(Data items)
------------

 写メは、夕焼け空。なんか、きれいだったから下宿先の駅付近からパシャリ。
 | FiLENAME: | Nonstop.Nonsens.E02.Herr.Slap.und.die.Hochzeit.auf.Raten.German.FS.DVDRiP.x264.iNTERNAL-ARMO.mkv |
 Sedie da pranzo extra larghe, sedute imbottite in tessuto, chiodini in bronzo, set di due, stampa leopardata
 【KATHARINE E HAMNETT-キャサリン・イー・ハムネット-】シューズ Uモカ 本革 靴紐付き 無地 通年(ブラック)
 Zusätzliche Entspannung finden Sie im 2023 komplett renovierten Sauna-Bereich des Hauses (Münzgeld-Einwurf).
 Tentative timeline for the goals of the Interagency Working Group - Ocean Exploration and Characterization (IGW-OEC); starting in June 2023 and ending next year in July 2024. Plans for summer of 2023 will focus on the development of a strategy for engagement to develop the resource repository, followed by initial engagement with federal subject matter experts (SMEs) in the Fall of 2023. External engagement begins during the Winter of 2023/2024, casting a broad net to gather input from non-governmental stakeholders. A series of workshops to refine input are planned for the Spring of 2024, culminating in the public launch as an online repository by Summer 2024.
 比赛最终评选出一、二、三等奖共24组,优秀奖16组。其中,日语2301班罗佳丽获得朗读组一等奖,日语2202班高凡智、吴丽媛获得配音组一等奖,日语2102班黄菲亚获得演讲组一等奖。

------------

Output every line from the records, exactly as written.

— Expected answer —
 写メは、夕焼け空。なんか、きれいだったから下宿先の駅付近からパシャリ。
 | FiLENAME: | Nonstop.Nonsens.E02.Herr.Slap.und.die.Hochzeit.auf.Raten.German.FS.DVDRiP.x264.iNTERNAL-ARMO.mkv |
 Sedie da pranzo extra larghe, sedute imbottite in tessuto, chiodini in bronzo, set di due, stampa leopardata
 【KATHARINE E HAMNETT-キャサリン・イー・ハムネット-】シューズ Uモカ 本革 靴紐付き 無地 通年(ブラック)
 Zusätzliche Entspannung finden Sie im 2023 komplett renovierten Sauna-Bereich des Hauses (Münzgeld-Einwurf).
 Tentative timeline for the goals of the Interagency Working Group - Ocean Exploration and Characterization (IGW-OEC); starting in June 2023 and ending next year in July 2024. Plans for summer of 2023 will focus on the development of a strategy for engagement to develop the resource repository, followed by initial engagement with federal subject matter experts (SMEs) in the Fall of 2023. External engagement begins during the Winter of 2023/2024, casting a broad net to gather input from non-governmental stakeholders. A series of workshops to refine input are planned for the Spring of 2024, culminating in the public launch as an online repository by Summer 2024.
 比赛最终评选出一、二、三等奖共24组,优秀奖16组。其中,日语2301班罗佳丽获得朗读组一等奖,日语2202班高凡智、吴丽媛获得配音组一等奖,日语2102班黄菲亚获得演讲组一等奖。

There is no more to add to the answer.